TV & Video Week in Review

Report Type: 
Week In Review
Overview

AVOD after earnings

On the heels of multiple earnings reports, Netflix, Disney+, and Prime Video have each offered glimpses into the future of their AVOD offerings. Prime Video clarified that their new ad-offering will be the default experience in early 2024 (at $8.99/month as a standalone service), while removing ads will cost an additional $3 a month. Disney+ claimed that 50% of new subs (March-September 2023) are joining on the ad-based tier for $7.99/month and have started to expand the ad-tier to European markets. Netflix claimed that their $6.99/month ad tier saw 70% growth in Q3 and has grown to fifteen million monthly active users, up from five million last May. Future enhancements include better resolution, new ad length options and new targeting options (by ad category, device, genre, time of day, or audience demos). Netflix will also be rolling out a binge feature, wherein subscribers who watch three consecutive episodes of a show will get a fourth without ads.

The Circana Take:

  • Streaming grew, in large part, as a commercial-free alternative to cable. But the higher revenue per user, increased programming cost and price sensitive consumers have enabled ad-based streaming for the foreseeable future.
  • As services grow their ad businesses, advertising loads, durations, and targeting will need to be carefully evaluated to sustain a healthy subscriber base that remains tolerant of the innovative new formats.

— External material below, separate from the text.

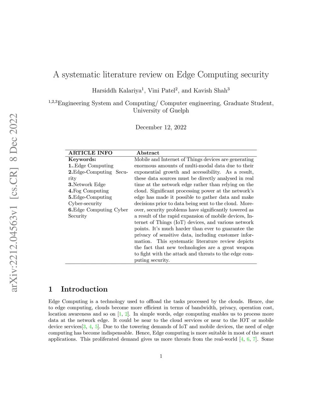 Mobile and Internet of Things devices are generating enormous amounts of multi-modal data due to their exponential growth and accessibility. As a result, these data sources must be directly analyzed in real time at the network edge rather than relying on the cloud. Significant processing power at the network's edge has made it possible to gather data and make decisions prior to data being sent to the cloud. Moreover, security problems have significantly towered as a result of the rapid expansion of mobile devices, Internet of Things (IoT) devices, and various network points. It's much harder than ever to guarantee the privacy of sensitive data, including customer information. This systematic literature review depicts the fact that new technologies are a great weapon to fight with the attack and threats to the edge computing security.

Disney buys out Hulu from Comcast

In a widely expected move, Disney began the process of buying out the remaining 33% share of Hulu from Comcast. The 2019 guaranteed floor value of $27.5 billion means Disney will shell out roughly $8.61 billion after deducting about $567 in capital call contributions that Comcast’s NBCU owes to Disney. The final value, however, has yet to be determined, and the evaluation phase is still underway. Each company has hired an investment bank to put forth a total valuation for Hulu as of September 30, 2023. If the two estimates are within 10% of each other, then the final price will be the average of the two. However, if they are too far apart, the two investment banks will agree on a third investment bank, which will complete a third valuation process. The final valuation would then be the average of the two closest valuations. Both companies have said that they expect the appraisal process to be completed in 2024.

The Circana Take:

  • Now that the process is underway, Disney is likely to accelerate the development of Hulu through international expansion as well as deeper integration with Disney+.
  • While it will take time to finalize the appraisal process, the ultimate price that Disney pays for Hulu is expected to pale in comparison to the overall value of having complete ownership of Hulu.